**WORK TASK:** Leave out the pictures and output exactly the lines below from the one with "Veliki tirkizni paun" down to the one with "CoCo厨娘 做过 发面馒头", both of them included.
━━ MATERIAL PROVIDED ━━
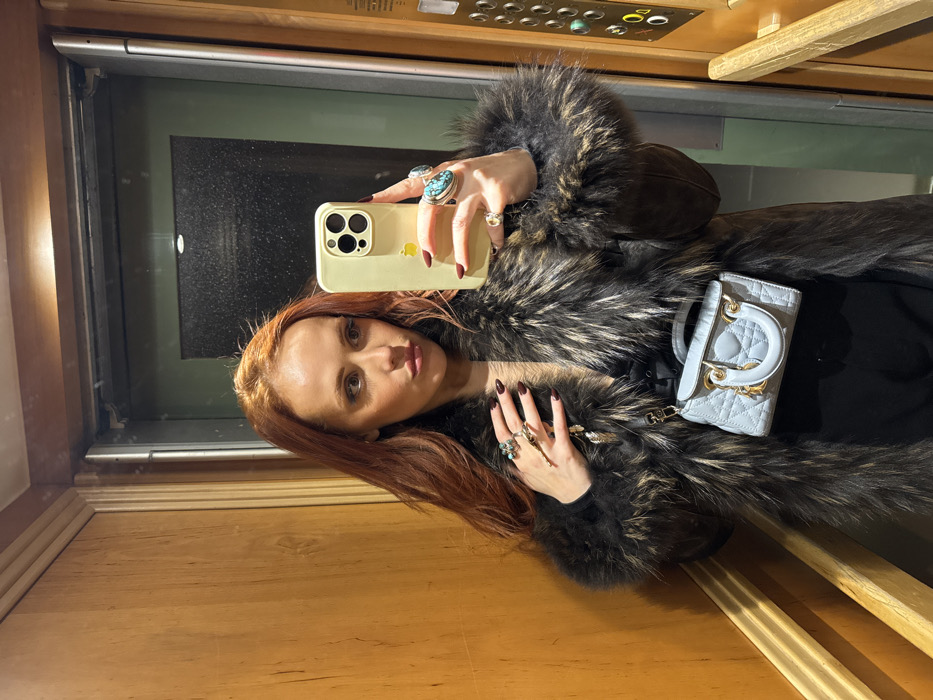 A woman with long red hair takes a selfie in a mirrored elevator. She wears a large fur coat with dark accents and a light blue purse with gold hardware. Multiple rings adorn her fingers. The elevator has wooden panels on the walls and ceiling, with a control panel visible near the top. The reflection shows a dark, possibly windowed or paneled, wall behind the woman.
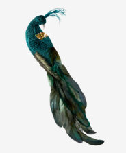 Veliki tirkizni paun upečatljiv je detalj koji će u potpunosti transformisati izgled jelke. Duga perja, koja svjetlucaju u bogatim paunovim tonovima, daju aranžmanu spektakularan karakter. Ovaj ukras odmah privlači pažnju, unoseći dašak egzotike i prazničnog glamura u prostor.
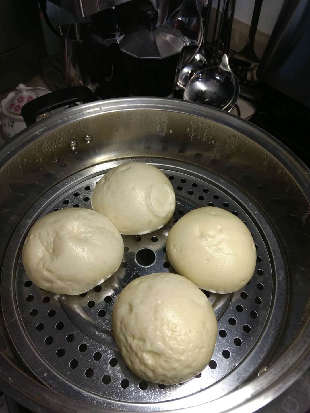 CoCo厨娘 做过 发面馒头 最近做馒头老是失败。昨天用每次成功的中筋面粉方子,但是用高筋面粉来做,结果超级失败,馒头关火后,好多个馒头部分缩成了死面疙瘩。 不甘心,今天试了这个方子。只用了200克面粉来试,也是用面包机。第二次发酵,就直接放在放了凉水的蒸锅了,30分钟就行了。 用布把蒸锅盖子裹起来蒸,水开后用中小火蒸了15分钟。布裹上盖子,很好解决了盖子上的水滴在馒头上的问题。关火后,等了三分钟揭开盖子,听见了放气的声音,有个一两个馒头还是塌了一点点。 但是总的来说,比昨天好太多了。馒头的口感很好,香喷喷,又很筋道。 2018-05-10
━━━
━━ MATERIAL PROVIDED ━━
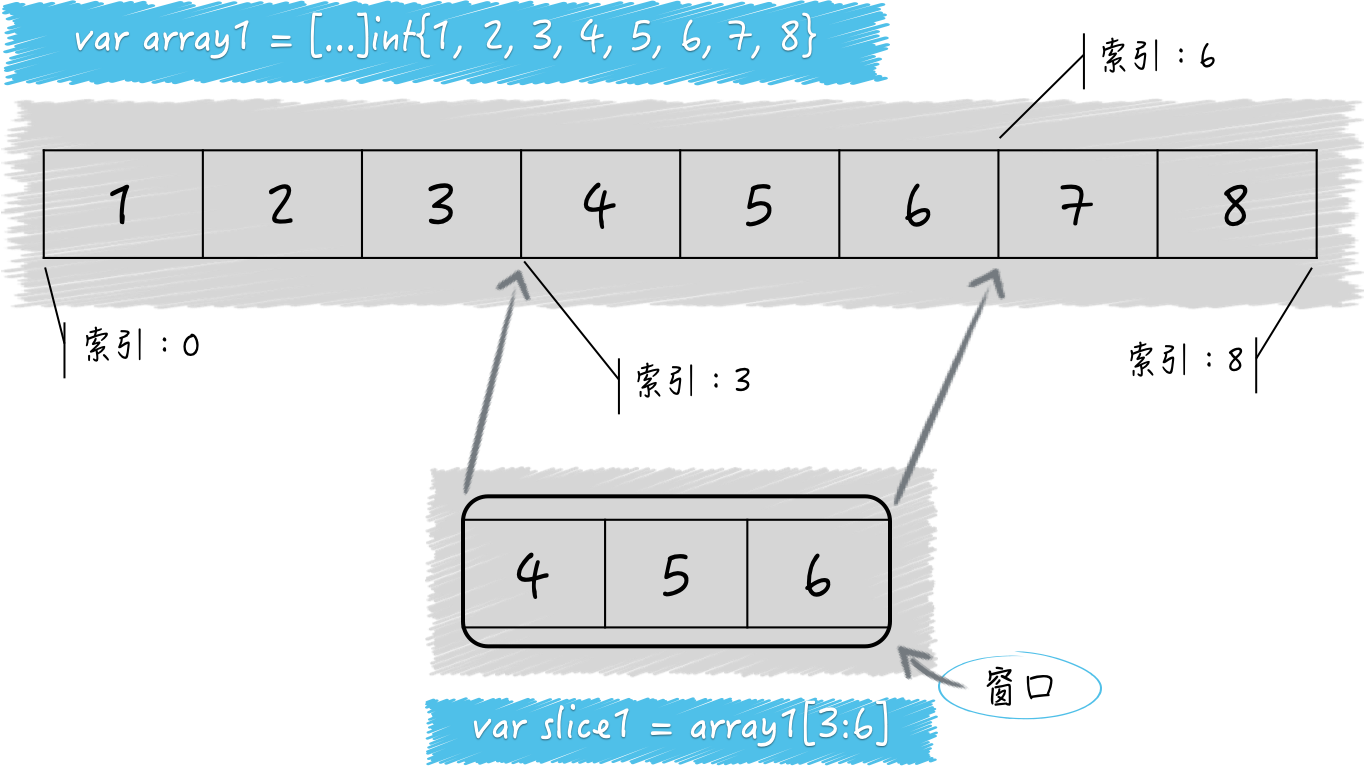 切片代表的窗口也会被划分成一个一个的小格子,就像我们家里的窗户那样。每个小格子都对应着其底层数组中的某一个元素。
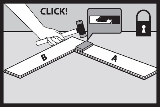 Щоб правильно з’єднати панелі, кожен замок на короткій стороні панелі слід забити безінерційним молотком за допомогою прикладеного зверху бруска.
━━━
**TASK ANSWER:**
 Veliki tirkizni paun upečatljiv je detalj koji će u potpunosti transformisati izgled jelke. Duga perja, koja svjetlucaju u bogatim paunovim tonovima, daju aranžmanu spektakularan karakter. Ovaj ukras odmah privlači pažnju, unoseći dašak egzotike i prazničnog glamura u prostor.
 CoCo厨娘 做过 发面馒头 最近做馒头老是失败。昨天用每次成功的中筋面粉方子,但是用高筋面粉来做,结果超级失败,馒头关火后,好多个馒头部分缩成了死面疙瘩。 不甘心,今天试了这个方子。只用了200克面粉来试,也是用面包机。第二次发酵,就直接放在放了凉水的蒸锅了,30分钟就行了。 用布把蒸锅盖子裹起来蒸,水开后用中小火蒸了15分钟。布裹上盖子,很好解决了盖子上的水滴在馒头上的问题。关火后,等了三分钟揭开盖子,听见了放气的声音,有个一两个馒头还是塌了一点点。 但是总的来说,比昨天好太多了。馒头的口感很好,香喷喷,又很筋道。 2018-05-10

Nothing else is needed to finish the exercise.